**Supplied data**

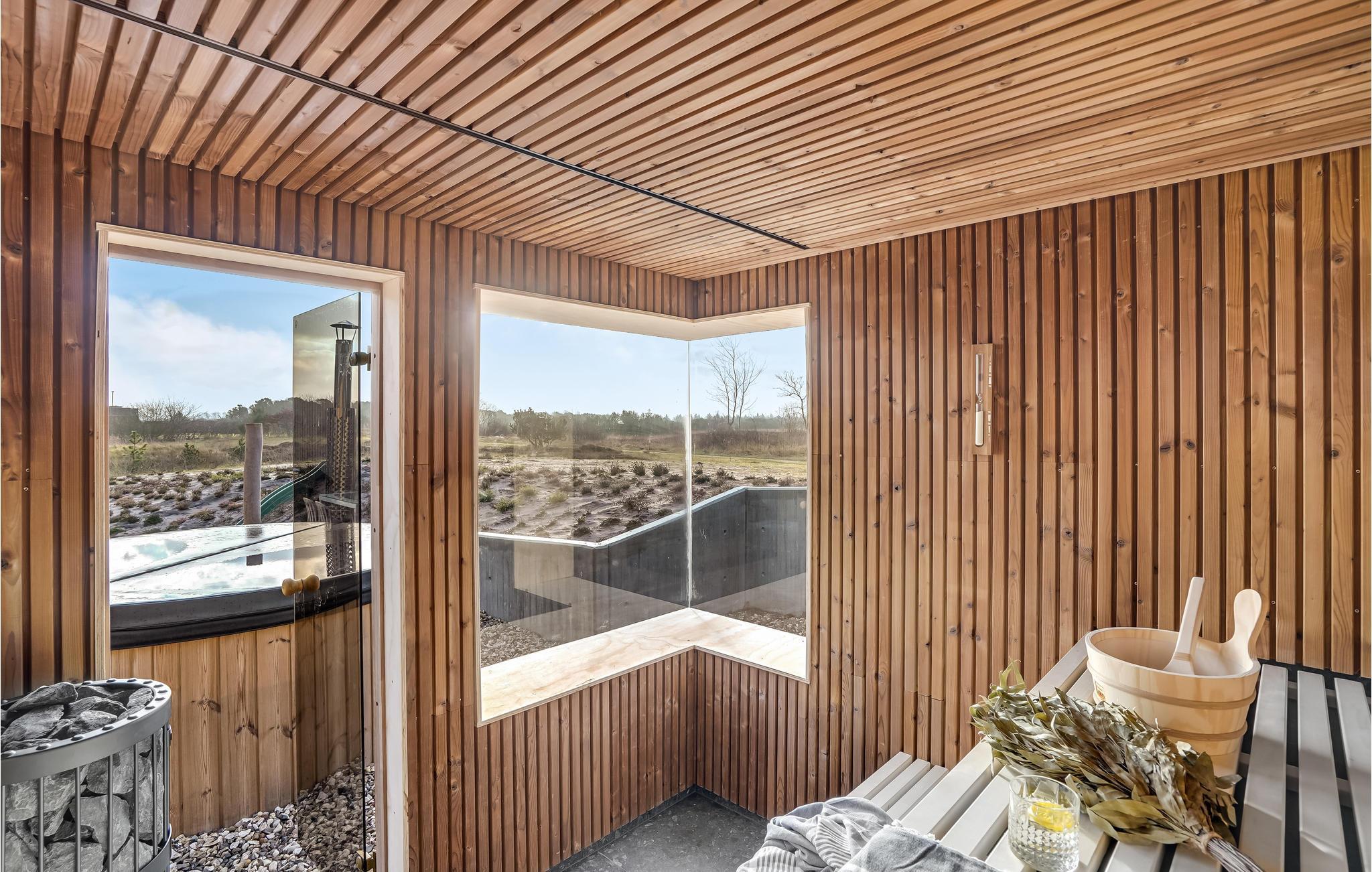 Velkommen til dette førsteklasses feriehus, som har plads til en stor familie og op til to husdyr. I kan se frem til store, lyse og smagfuldt indrettede rum og en dejlig åben terrasse med udespa, der ligesom husets sauna indbyder til rendyrket ferieafslapning.
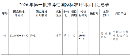1月28日,国家标准化管理委员会发布通知,下达2026年第一批推荐性国家标准制修订计划,《绣球》获批立项(项目编号:20...
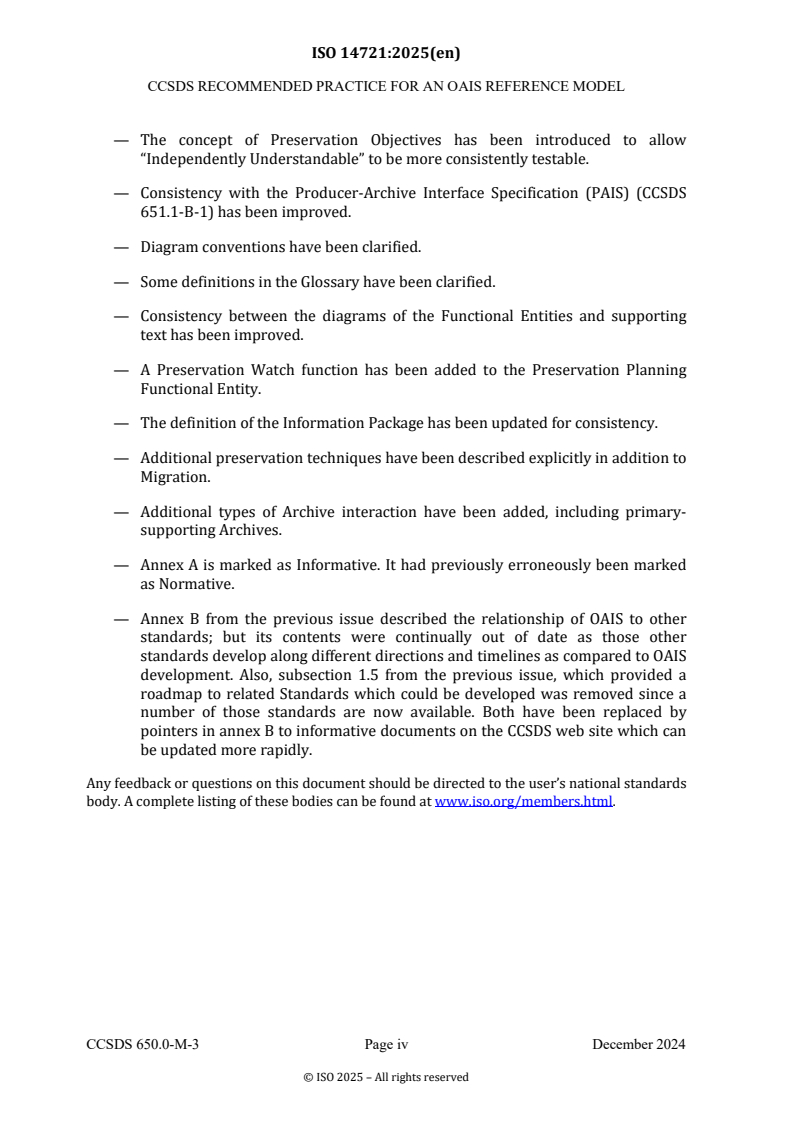 - Cross‑references and consistency with other CCSDS/ISO documents (for example Producer‑Archive Interface Specification) are noted in the standard.

**Instructions to follow**
Repeat each line above exactly. The pictures stay out.

**Output**
 Velkommen til dette førsteklasses feriehus, som har plads til en stor familie og op til to husdyr. I kan se frem til store, lyse og smagfuldt indrettede rum og en dejlig åben terrasse med udespa, der ligesom husets sauna indbyder til rendyrket ferieafslapning.
1月28日,国家标准化管理委员会发布通知,下达2026年第一批推荐性国家标准制修订计划,《绣球》获批立项(项目编号:20...
 - Cross‑references and consistency with other CCSDS/ISO documents (for example Producer‑Archive Interface Specification) are noted in the standard.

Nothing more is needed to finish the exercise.